Adjusting to IMAP is a struggle. I don't understand it fully, and it complicates my interaction with 15 different e-mail accounts, about 100 mail rules, and myriad folders that on Entourage held 20,000 messages or more.

I want an iPhone. Forget Passwords Plus. I will get an SSL cert for my Panorama Enterprise database, and securely access my passwords through the iPhone web browser. I will never expose myself to the potential for password loss ever again.

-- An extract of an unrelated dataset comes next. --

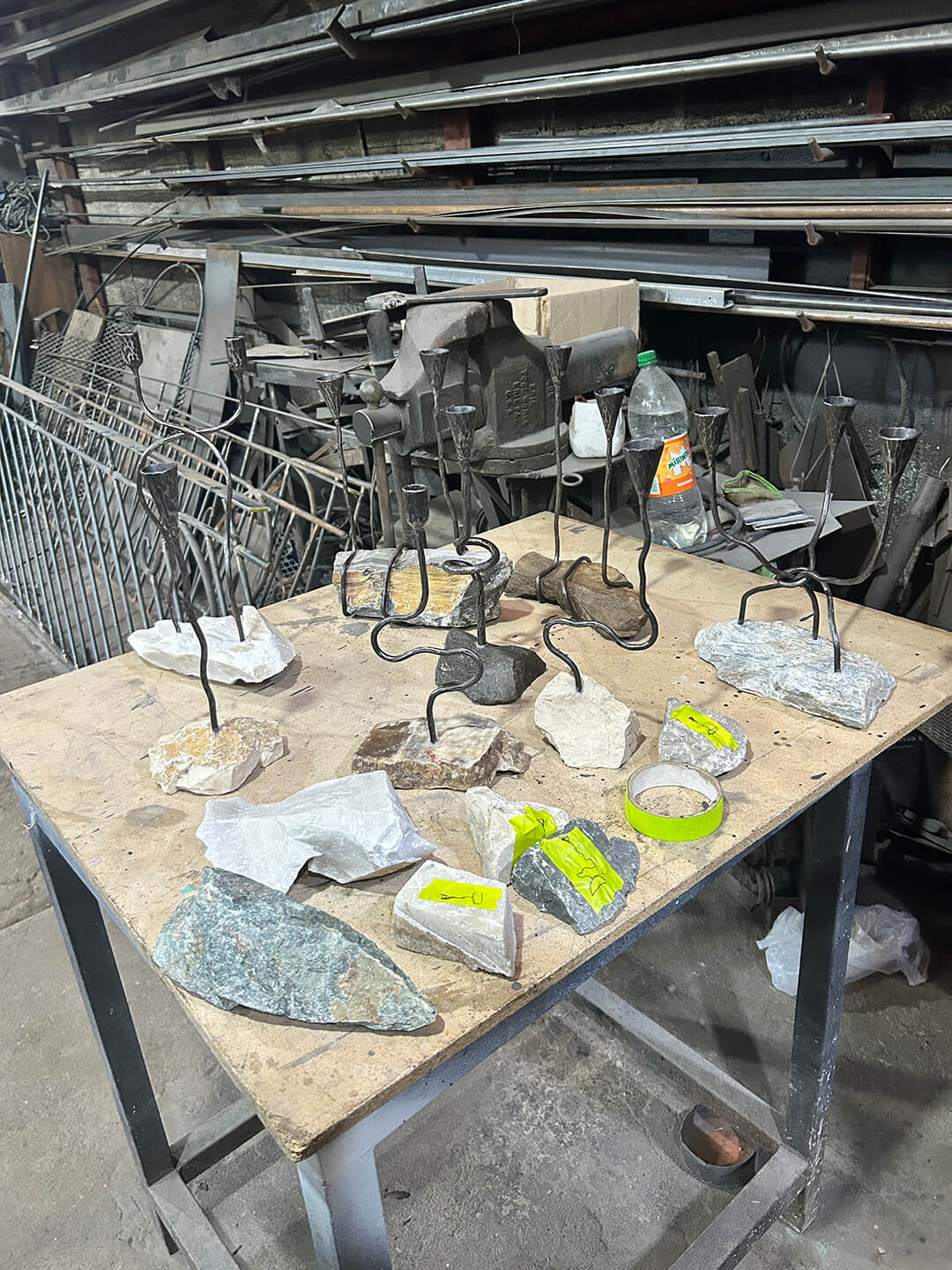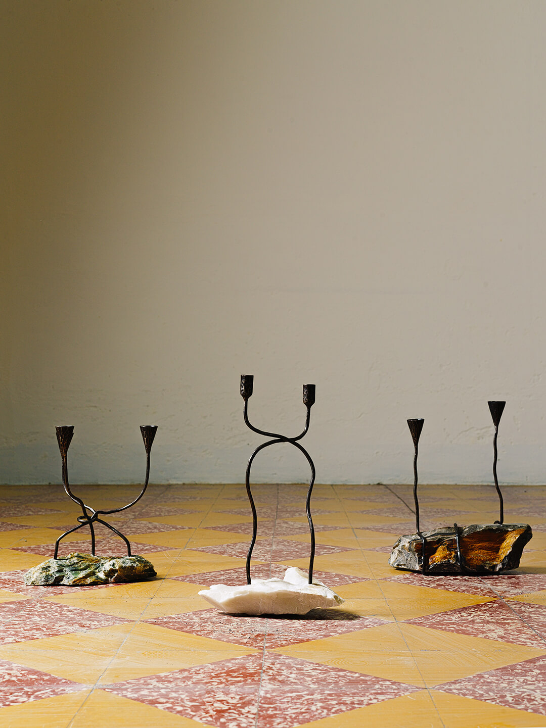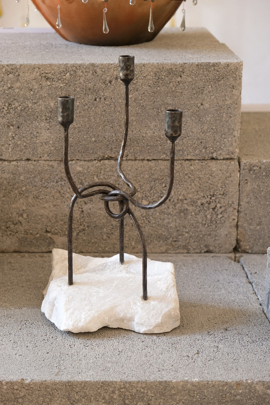 The No hay luz sin sombra candleholders shift the narrative inward, toward the solitude of life abroad. Forged by Alonzo Toscano, an ironworker based in Antigua, each piece unites iron with stone or marble to embody the contradictions of distance. One of these forms a knot in metal, the gesture of a throat closing on unspoken words. Another balances white marble against black iron, contrasting purity and weight. The series speaks of those who endure invisibly—the undocumented and the unheard, whose silence still glows like a hidden flame.

BTW - the web browser on the Blackberry Curve stinks. It is useful for looking at sites optimized for mobile devices, and little else. Even so, it is better than the Treo 650, at least to the extent mine was incorrectly provisioned. When I bought the Treo, I told every Cingular rep I wanted unlimited data. Salesmen fought me trying not to include data, but I insisted. I suspect Cingular (since sold to AT&T) was having a promotion with a sales incentive on a plan that did not include data. At any rate, I used the Treo browser one time in Georgia to retrieve local travel info, and Cingular hit me with a $100 surcharge on my bill. I don't have time to do war with telcos, so I simply never used the web browser ever again. Beaten by my own technology.

If Apple does one thing right with the iPhone, it will be to take cell phone configuration and provisioning out of the hands of telcos. The telcos are in Detroit mode, treating their customers like a foie gras goose in a cage. Great strategy for short term exorbitant profits on incremental, trivial services. For 100 years, that's been the telco game. Flash back to Detroit in 1970: "If we make the door handles out of cheap pot metal, it will increate profits 200%. Better yet - they are a dealer part and customers will have to buy replacements from us!" I'm straying way off topic on Net Neutrality here, but let's all hope these days are over for the telco thieves same as they came to an end in Detroit.